Example movie posters and their title text and release year.

Second, we developed a new robust regression method based on deep neural networks with a loss function, Tukey’s biweight loss. Deep neural networks realize heavily nonlinear regression functions and thus are appropriate to our difficult task. Tukey’s biweight loss has been utilized in robust statistical estimation and, roughly speaking, discounts the large deviations from the average, whereas a typical loss function, such as L2, gives a larger loss for a larger deviation. By this loss function, we can suppress the effect of exceptional samples.

One more point that we must consider is what font image features should be used in our year estimation task. Of course, deep neural networks will have a representation learning function, which automatically determines appropriate features. However, it might learn some uninteresting features such as catching the printing quality of old movie posters, like resolution or color fading. Even though the regression might become accurate by these printing quality features, it does not catch the trends of font usages.

We, therefore, employ a second feature representation using the font shape features. As for shape features, we use two features; edge images and Scale-Invariant Feature Transform (SIFT) [17] features. The former is straightforward; by extracting edges from a font image, it is possible to remove colors and textures that suggest rough printing. The latter is a classical local descriptor and expected to capture the corner and curve shapes of font outlines. By following a standard Bag-of-Visual Words (BoVW) approach, we can have a fixed-dimensional feature representation even though each font image will give a different number of SIFT descriptors.
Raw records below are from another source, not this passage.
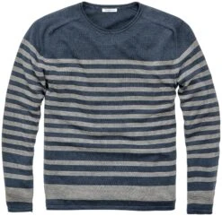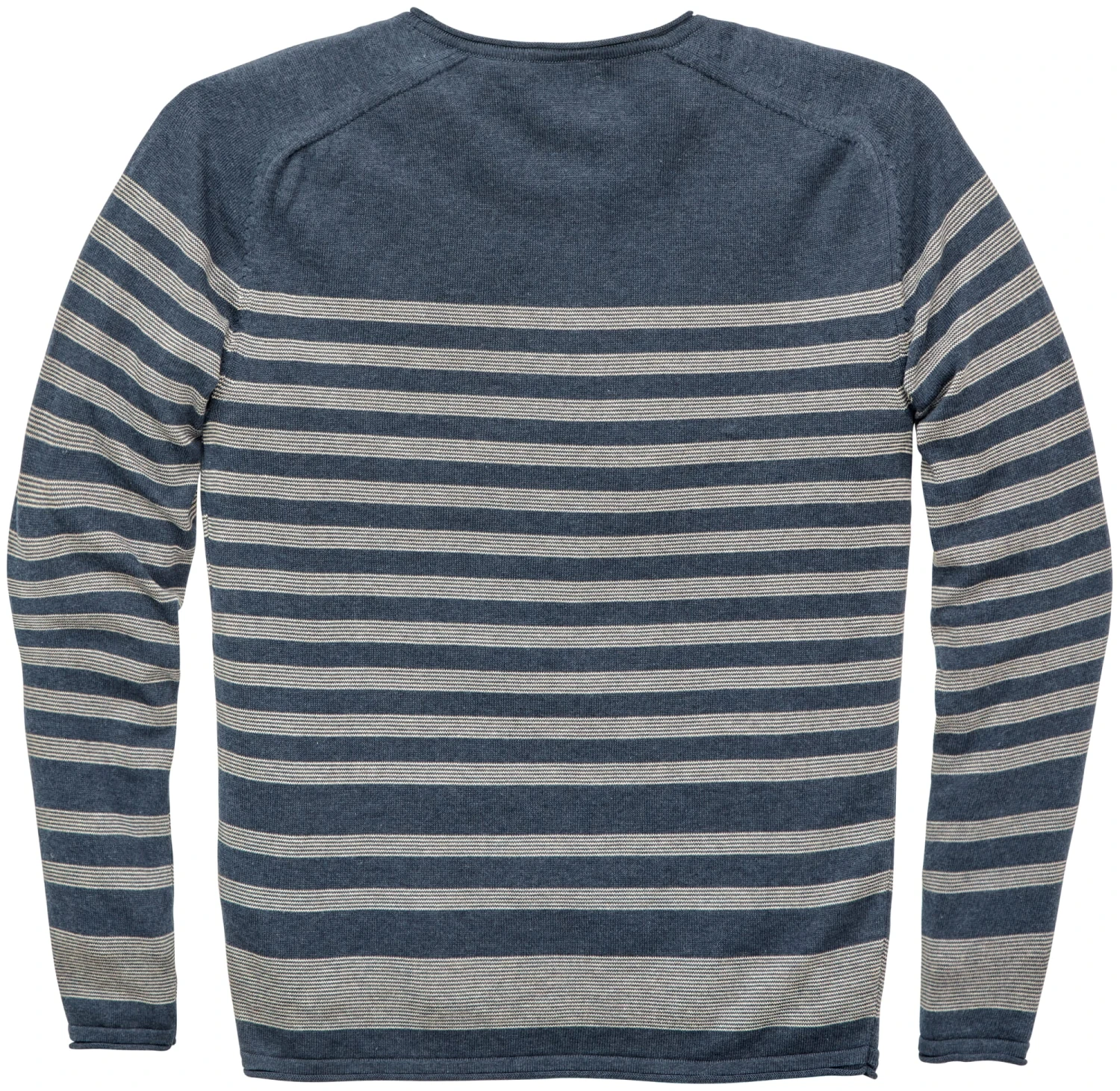 Het fijne breisel van deze casual, effen trui is gemaakt van gecertificeerd biologisch katoen. Het is voorzien van een opvallend en contrasterend streeppatroon, terwijl de schouderpartij effen is. De mouwen zijn uitgevoerd als raglanmouwen, fijne rolzomen vormen de afwerking bij de hals, mouwen en romp.
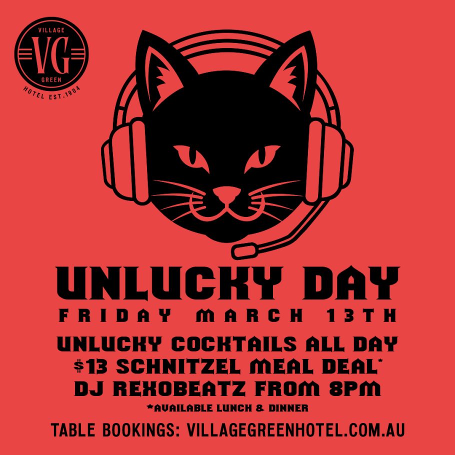 Join us at the Village Green Hotel this Friday the 13th for a day full of killer deals and late-night vibes. Whether you’re avoiding black cats or just looking for a great night out, we’ve got you covered.
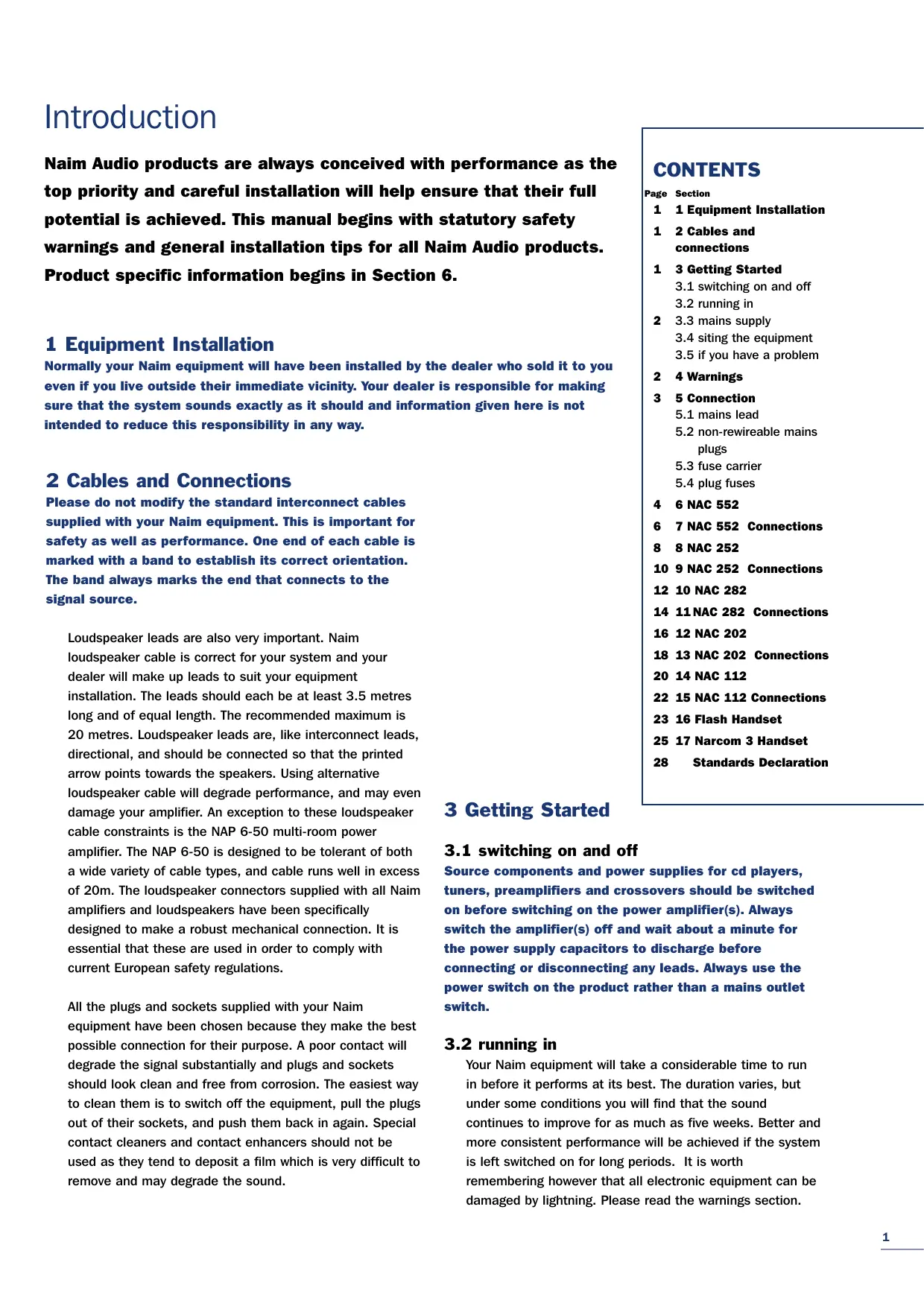 Naim Audio products are always conceived with performance as the top priority and careful installation will help ensure that their full potential is achieved. This manual begins with statutory safety warnings and general installation tips for all Naim Audio products. Product specific information begins in Section 6.
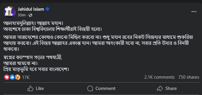 ছাত্রশিবির সমর্থিত প্যানেলের বড় জয়ের পর এবার ফেসবুক পোস্টে দিলেন বাংলাদেশ ইসলামী ছাত্রশিবিরের কেন্দ্রীয় সভাপতি জাহিদুল ইসলাম।

The main contributions of this paper are summarized as follows:

  • To the authors’ best knowledge, this is the first attempt to reveal font usage trends based on regression functions trained on a large number of font images that have the created year as ground truth.

  • The learned regression function shows a reasonable year estimation accuracy and compares different features as the base of regression.
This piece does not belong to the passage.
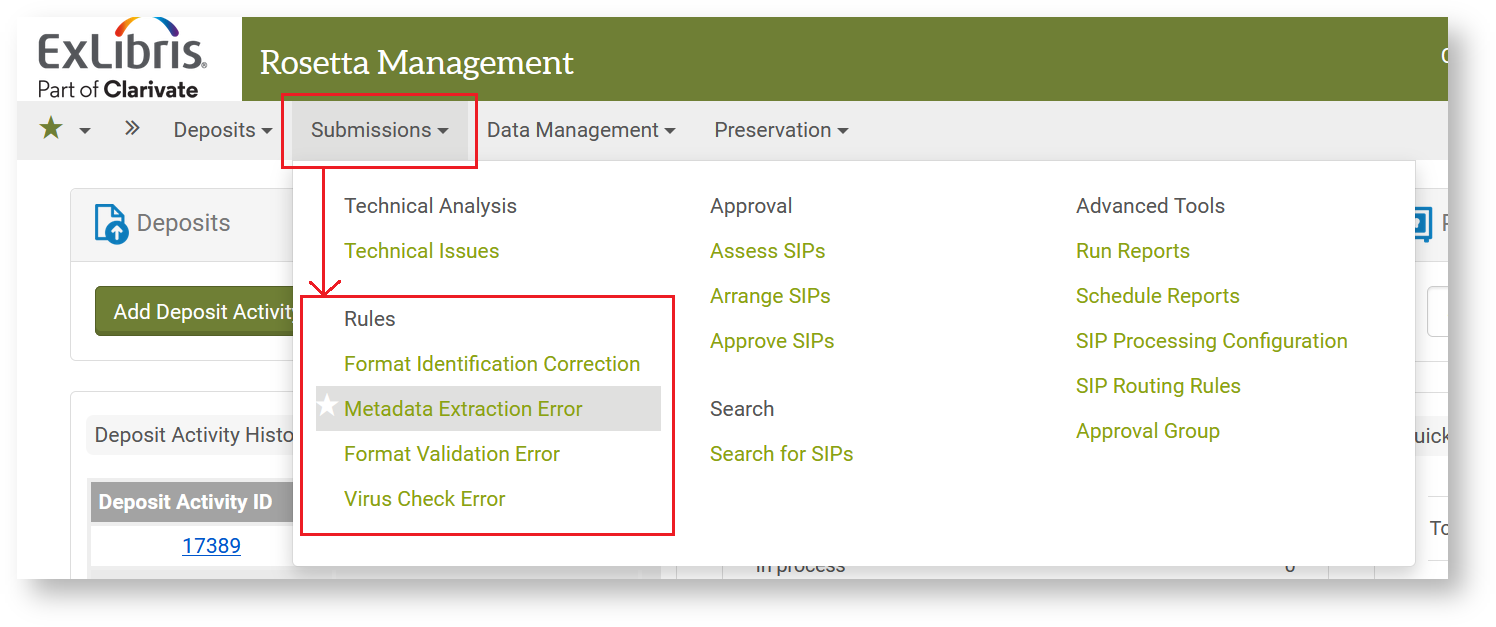 - Format Validation Error ignoriert JHOVE-Fehlermeldungen bei nicht validen Dateien. Meldungen in dieser Kategorie treten nur auf, wenn Metadata Validation und Metadata Extraction mit unterschiedlichen Tasks durchgeführt werden. Fehlermeldungen zu nicht validen Dateien werden durch die Rosetta-Konfiguration des hbz standardmäßig als Metadata Extraction Error angezeigt.
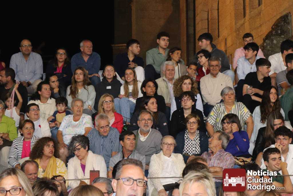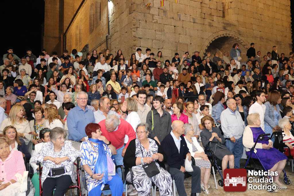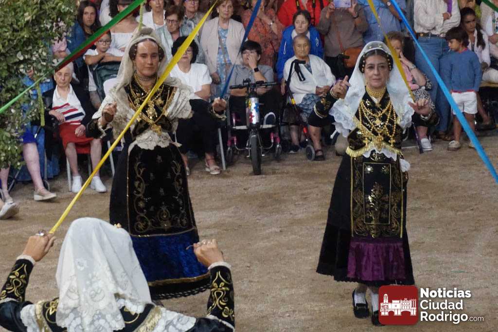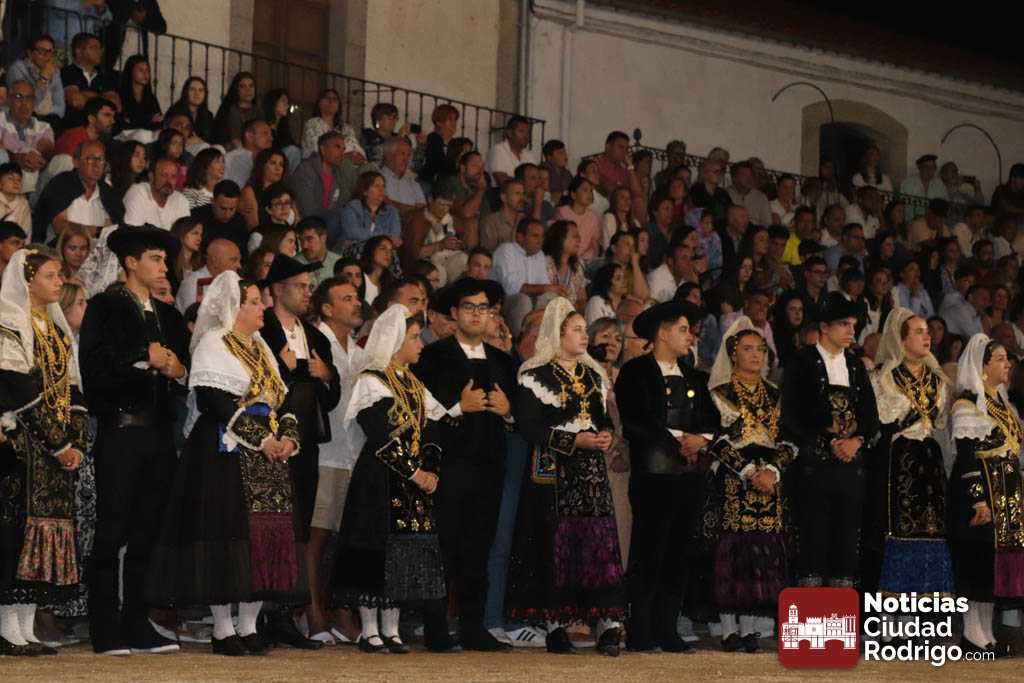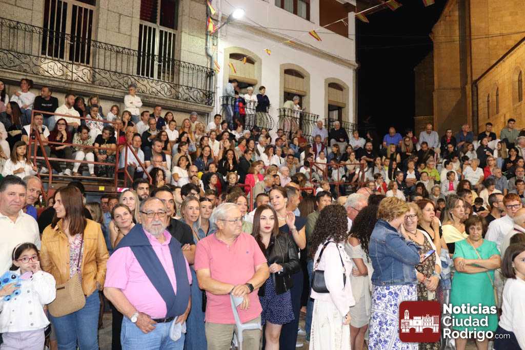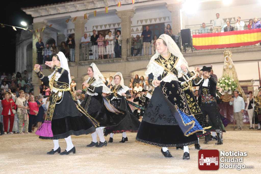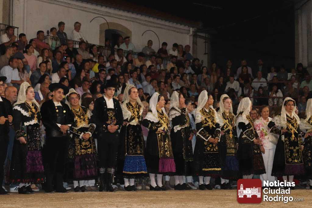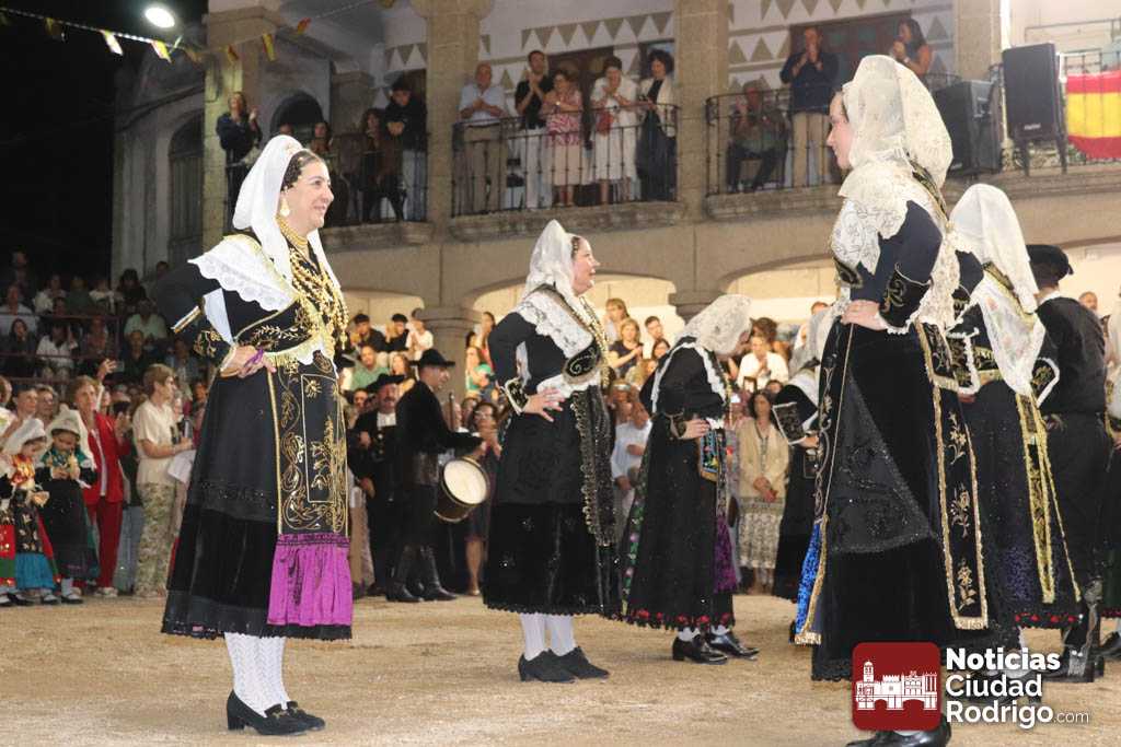 Repican las campanas de la imponente y hermosa iglesia gótica, aplausos generalizados al entrar en la plaza Mayor cuando la comitiva entra en la plaza Mayor. Después el cántico de una Salve y a continuación silencio para escuchar las palabras que desde el balcón de la casa central en esta ocasión ofrecen Carlos Velasco y Ángel Moro, que están acompañados por la alcaldesa Dory Giner. Y tras las palabras, el momento de exaltación de la charrería con el Baile del Cordón, danzado por ocho mujeres. Un baile más y un extra de la mano de María José Calderero y el niño Martín.

  • From a technical aspect, this paper proposes a novel robust regression method based on deep neural networks with Tukey’s biweight loss, which helps to realize a regression function robust to exceptional samples (i.e., outliers).

2 Related Work

2.1 Deep Regression

Deep regression is the use of neural networks for regression tasks and it is a wide field of study with many different architectures and applications [14]. Some example applications of deep regression include housing price prediction from house images [22], television show popularity prediction based on text [12], image orientation and rotation estimation [5, 18], estimation of wave velocity through rocks [9], stock prices [16, 20, 24], and age prediction [21, 32].

In these methods, usually, the network is trained using Mean Squared Error (MSE) or sometimes Mean Absolute Error (MAE). However, using MSE can lead to a vulnerability to outliers [2]. Thus, Belagiannis et al. [2] proposed using Tukey’s biweight loss function in order to perform deep regression that is robust to outliers. Huber loss [7] and Adaptive Huber loss [3] are other losses that used to be less sensitive to outliers. DeepQuantreg [8] is one example of a deep regression model that uses Huber loss. However, Lathuiliere et al. [14] found MSE loss to be better than Huber loss across all four of their tested datasets.

2.2 Movie Poster Analysis

Studying and analyzing design choices of movie posters is of interest to researchers in art and design. In particular, research on the relationship between movie poster design and the fonts and text used has been performed. For example, Wang [30] describes the fonts of movie posters and identified relationships between the tonality, use, and design of the fonts. They explain that the fonts on a movie poster contain a large amount of information about the film by communicating artistic expression and symbolic functions to the viewer. As part of a larger study on movie taglines, Mahlknecht [19] looked at the relationship between the tagline and poster image. In relationship to the design of the tagline text, Mahlkecht found that the size of the tagline on the poster image carries meaning. Also, many studies have been done that look at the cultural aspects of the design of text in movie posters across the world. Kim et al. [10] compared the differences between title text (as well as characters, backgrounds, and color contrast) between localized Korean movies and Western movies. In addition, there have been studies on title design of Indian movies [25, 26] and calligraphy of Chinese movies [23, 27].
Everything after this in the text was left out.